Match Codes

The matching algorithm is typically configured first, followed by the match codes.

The purpose of match criteria is to determine if the current record matches another record in the database. The purpose of match codes is to provide a fast and efficient way to find the records that are potential matches and will score above the auto merge and clerical review thresholds. Records with at least one match code in common are compared with the match score, which is defined in the Match Scores topic here. Since the database can contain an incredible amount of data, algorithms use match codes to compare created results and process records quickly.

A match code is essentially a string (i.e., a text) that represents an object. Once generated, match codes populate a table sorted alphabetically. Rather than comparing every object with every other object in the dataset, only objects with at least one equal match code are compared.

In the example above, the product with STEP ID Item-548456 is the current record.
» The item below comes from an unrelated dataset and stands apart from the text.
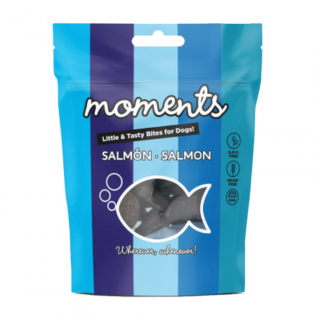 Moments Salmón son fantásticos snacks con divertidas formas y sabores. Son ricos en DHA y libres de grano y de transgénicos.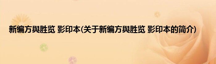 1、 《新编方舆胜览(影印本)》是2004年北京图书馆出版社出版的图书。

Reviewing the product in the match code table shows that one other object has an identical match code.

Typically, it is necessary to use several different match codes to ensure matching records are compared. There is a balance between determining which match codes to use and how many match codes to use. It is important that matching records share at least one match code. Non-matching records should not share match codes since running full match criteria comparisons on those records will waste system resources.

Note: A match code definition can be exported as comments and submitted to an external source control system for comparison purposes. For details, refer to the Configuration Management documentation here.

Match Code Values

On a running system, match code values can be examined in workbench using the match code values tab on the matching algorithm. Match codes are expected to be relatively unique. A group of equal match codes is referred to as a match code group, which should be small. No match code group size should be larger than 100 and generally, most objects (95 percent) should be in a match code group with a size of 10 or smaller.

Use the following points to closely examine the data before configuring a match code:

  • The data profiling tool provides much valuable information. If you are planning to use a specific attribute in the match code, verify the degree to which the attribute is populated. If values are missing on a lot of objects, the attribute is likely not a good candidate or at least should not be used alone. Objects with empty values for a match codes are not compared based on that match code.
  • If an attribute is sufficiently unique, like an EAN number, the match code can be based on just that single piece of data.
  • If an attribute is less unique, like a name, it should be used in combination with other values in order to generate good match codes. An example is the Person Name and Address match code generator which is available for customer data.
  • When working with match codes combining several pieces of data, always put the most significant data first. For example, when deduplicating address objects, put the ZIP code before street and street number, since ZIP codes are geographic, standardized, and mutually exclusive, which most effectively separates addresses into discrete objects.
  • Normalize the data used in match codes. For example, if a manufacturer name is often abbreviated, the match code definition should ensure the name is represented the same way in the match codes, regardless if the source object is abbreviated or not.
  • Several match codes can be generated per source object, even by the same match code generator. Use STEP functions to resolve to a list of multiple match codes, and in JavaScript return an array. In these cases, each element is a separate match code. Consider, for example, a customer with several email addresses. Each email address should result in a separate email match code.
  • Sometimes an otherwise great identifier has exception cases that should be filtered out. Phone numbers are often very good match code candidates, but multiple contacts at a customer business may have provided the reception main number, resulting in a single match code group with hundreds of records. In this case, a match code filter can be applied to the phone match code to remove this exceptional case. For more information, refer to the Match Criteria Match Code Filter topic here.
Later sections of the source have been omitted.